ЖХМС: м/з 658,4 [M+H]+
Стадия 2. В атмосфере азота HCl/диоксан (4M, 1,3 мл, 5,20 ммоль) медленно добавляли к раствору (R)-2-метил-N-((5S)-1'-((8-((1-(тетрагидро-2H-пиран-2-ил)-1H-пиразоло[3,4-b]пиридин-4-ил)тио)имидазо[1,2-c]пиримидин-5-ил)-5,7-дигидроспиро[циклопентадиен[b]пиридин-6,4'-пиперидин]-5-ил)пропан-2-сульфинамида (23-1, 176 мг, 0,26 ммоль) в дихлорметане (10 мл) при 0°C, смесь перемешивали при комнатной температуре в течение 2 ч, и ТСХ (дихлорметан/метанол=8/1) и ЖХМС показали, что реакция завершилась. Реакционный раствор охлаждали до 0°C, медленно добавляли раствор аммиака в метаноле, чтобы довести pH до примерно 10, а затем смесь концентрировали при пониженном давлении и очищали препаративной ТСХ с получением (S)-1'-(8-(((1H-пиразоло[3,4-b]пиридин-4-ил]тио]имидазо[1,2-c]пиримидин-5-ил)-5,7-дигидроспиро[циклопентадиен[b]пиридин-6,4'-пиперидин]-5-амина (23, 73,01 мг, выход: 58,1%). ЖХМС: м/з 470,5 [M+H]+
1H ЯМР (400 МГц, MeOD): δ 8,42 (д, J=4,0 Гц, 1H), 8,16 ~ 8,14 (м, 2H), 8,10 (с, 1H), 7,91 ~ 7,87 (м, 2H), 7,56 (д, J=1,2 Гц, 1H), 7,34 ~ 7,31 (м, 1H), 4,26 (с, 1H), 4,11 ~ 4,06 (м, 1H), 3,49 ~ 3,43 (м, 2H), 3,28 (с, 1H), 3,07 (д, J=16,8 Гц, 1H), 2,15 ~ 2,07 (м, 2H), 1,76 (д, J=12,8 Гц, 2H), 1,64 (д, J=13,6 Гц, 2H).

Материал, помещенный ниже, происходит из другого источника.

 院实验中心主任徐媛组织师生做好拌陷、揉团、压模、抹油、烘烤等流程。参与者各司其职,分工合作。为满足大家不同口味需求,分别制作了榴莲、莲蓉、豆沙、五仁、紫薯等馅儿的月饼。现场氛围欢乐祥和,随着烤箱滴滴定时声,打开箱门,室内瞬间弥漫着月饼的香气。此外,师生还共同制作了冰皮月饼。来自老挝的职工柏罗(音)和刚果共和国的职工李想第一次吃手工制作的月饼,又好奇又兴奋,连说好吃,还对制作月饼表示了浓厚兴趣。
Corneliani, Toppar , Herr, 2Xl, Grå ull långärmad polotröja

Синтез контрольного соединения: Во время применения раскрытия наиболее близким контрольным соединением к описанию является пример 25 из WO2018136265. В соответствии с синтетическим путем и стадиями процесса примера 25 из WO2018136265 получали контрольное соединение аа.

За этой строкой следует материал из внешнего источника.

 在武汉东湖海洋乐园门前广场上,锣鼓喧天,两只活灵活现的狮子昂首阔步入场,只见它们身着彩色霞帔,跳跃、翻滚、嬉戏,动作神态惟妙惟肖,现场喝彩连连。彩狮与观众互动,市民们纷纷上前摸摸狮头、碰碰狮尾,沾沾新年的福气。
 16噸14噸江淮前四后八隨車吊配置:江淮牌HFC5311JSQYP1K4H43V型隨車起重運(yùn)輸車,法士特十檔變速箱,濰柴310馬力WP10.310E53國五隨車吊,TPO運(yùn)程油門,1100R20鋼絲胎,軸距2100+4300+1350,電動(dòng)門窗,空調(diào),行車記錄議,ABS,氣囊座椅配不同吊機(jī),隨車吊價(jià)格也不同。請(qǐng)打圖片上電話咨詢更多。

Биологическая функция соединения согласно раскрытию подтверждена испытаниями на ферментативную активность и на клеточном уровне. Например, в испытании на ингибирование активности фермента SHP2 соединение согласно раскрытию может достигать сильной ингибирующей активности (IC50 может достигать 1 нМ). На клеточном уровне соединение согласно настоящему раскрытию также показало очень хорошую активность в отношении ингибирования пролиферации раковых клеток, и ингибирующая активность в отношении пролиферации клеточной линии MV4-11 может достигать 1 нМ. По сравнению с SHP099 (6-(4-амино-4-метилпиперидин-1-ил)-3-(2,3-дихлорфенил)пиразин-2-амином) или контрольным соединением аа, соединение согласно раскрытию показало превосходную активность как на ферментативном уровне, так и на клеточном уровне.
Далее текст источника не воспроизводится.